The role and clinical interest of extracellular vesicles in pregnancy and ovarian cancer

Nazanin Yeganeh Kazemi, Benoìt Gendrot, Ekaterine Berishvili, Svetomir N. Markovic, Marie Cohen

Research output: Contribution to journalArticlepeer-review

Abstract

Ovarian cancer and pregnancy are two states in which the host immune system is exposed to novel antigens. Indeed, both the tumor and placenta must invade tissues, remodel vasculature to establish a robust blood supply, and evade detection by the immune system. Interestingly, tumor and placenta tissue use similar mechanisms to induce these necessary changes. One mediator is emerging as a key player in invasion, vascular remodeling, and immune evasion: extracellular vesicles (EVs). Many studies have identified EVs as a key mediator of cell-to-cell communication. Specifically, the cargo carried by EVs, which includes proteins, nucleic acids, and lipids, can interact with cells to induce changes in the target cell ranging from gene expression to migration and metabolism. EVs can promote cell division and tissue invasion, immunosuppression, and angiogenesis which are essential for both cancer and pregnancy. In this review, we examine the role of EVs in ovarian cancer metastasis, chemoresistance, and immune modulation. We then focus on the role of EVs in pregnancy with special attention on the vascular remodeling and regulation of the maternal immune system.
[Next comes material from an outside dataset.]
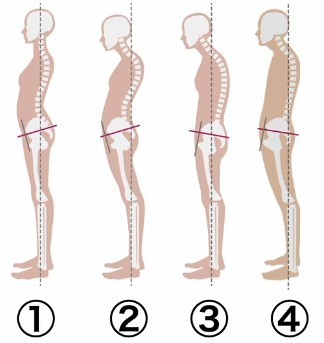 ①と②は「反り腰」、③と④は「受け腰」と呼ばれる姿勢です。

Lastly, we discuss the clinical utility of EVs as markers and therapeutics for ovarian cancer and pre-eclampsia.

Keywords

  • Angiogenesis
  • Exosome
  • Extracellular vesicle
  • Immune modulation
  • Invasion
  • Ovarian cancer
  • Placenta
  • Preeclampsia
  • Pregnancy
  • Syncytial knot

ASJC Scopus subject areas

  • Medicine (miscellaneous)
  • Biochemistry, Genetics and Molecular Biology(all)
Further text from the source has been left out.